Start of Supplied data
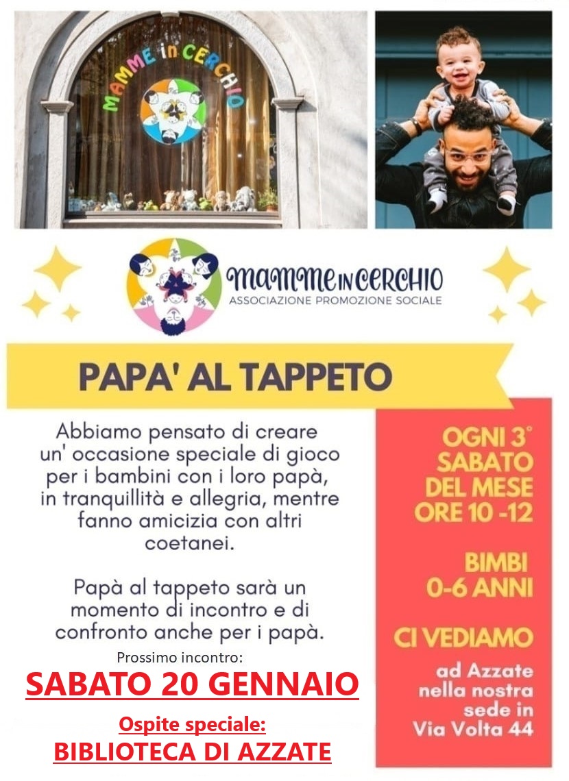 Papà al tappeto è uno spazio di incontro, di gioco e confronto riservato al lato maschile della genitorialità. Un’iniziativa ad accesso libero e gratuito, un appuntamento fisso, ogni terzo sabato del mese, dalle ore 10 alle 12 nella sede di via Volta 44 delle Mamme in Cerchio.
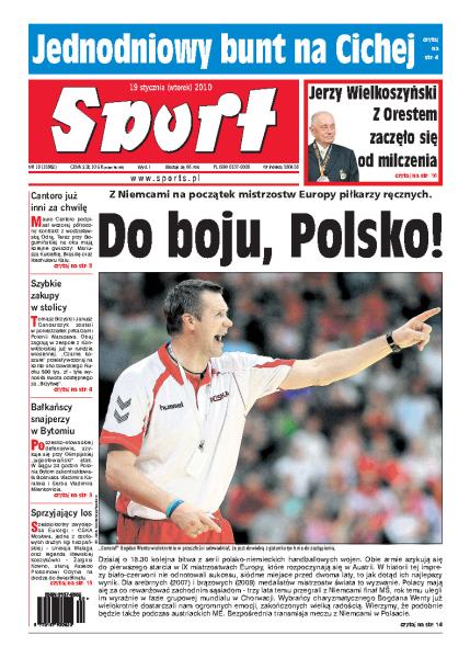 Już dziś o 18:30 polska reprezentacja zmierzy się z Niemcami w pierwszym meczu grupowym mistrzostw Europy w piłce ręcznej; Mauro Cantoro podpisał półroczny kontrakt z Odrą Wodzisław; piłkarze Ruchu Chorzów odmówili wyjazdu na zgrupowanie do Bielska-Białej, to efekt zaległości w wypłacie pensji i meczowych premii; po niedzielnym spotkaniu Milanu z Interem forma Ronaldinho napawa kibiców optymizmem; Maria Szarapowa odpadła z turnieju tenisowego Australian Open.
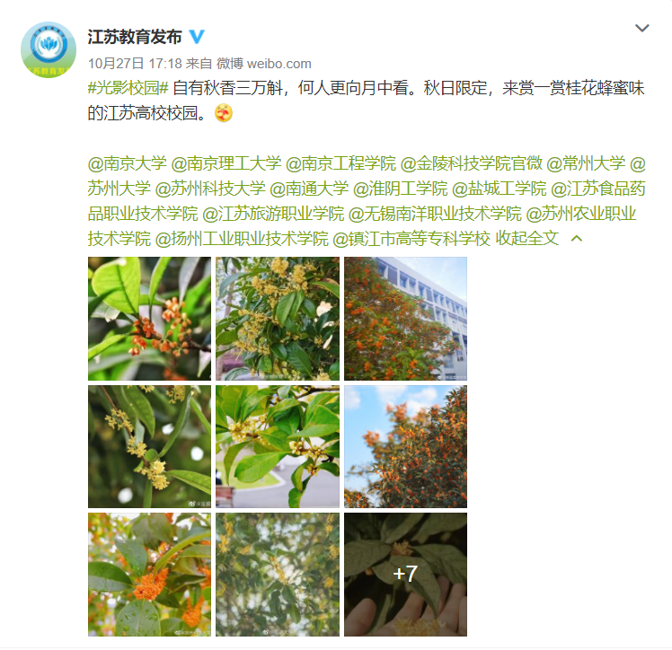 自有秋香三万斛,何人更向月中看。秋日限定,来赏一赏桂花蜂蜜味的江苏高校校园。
End of Supplied data
## [Your assignment]
In full and without changes, repeat the listing above, but not its pictures.

## [Expected answer]
 Papà al tappeto è uno spazio di incontro, di gioco e confronto riservato al lato maschile della genitorialità. Un’iniziativa ad accesso libero e gratuito, un appuntamento fisso, ogni terzo sabato del mese, dalle ore 10 alle 12 nella sede di via Volta 44 delle Mamme in Cerchio.
 Już dziś o 18:30 polska reprezentacja zmierzy się z Niemcami w pierwszym meczu grupowym mistrzostw Europy w piłce ręcznej; Mauro Cantoro podpisał półroczny kontrakt z Odrą Wodzisław; piłkarze Ruchu Chorzów odmówili wyjazdu na zgrupowanie do Bielska-Białej, to efekt zaległości w wypłacie pensji i meczowych premii; po niedzielnym spotkaniu Milanu z Interem forma Ronaldinho napawa kibiców optymizmem; Maria Szarapowa odpadła z turnieju tenisowego Australian Open.
 自有秋香三万斛,何人更向月中看。秋日限定,来赏一赏桂花蜂蜜味的江苏高校校园。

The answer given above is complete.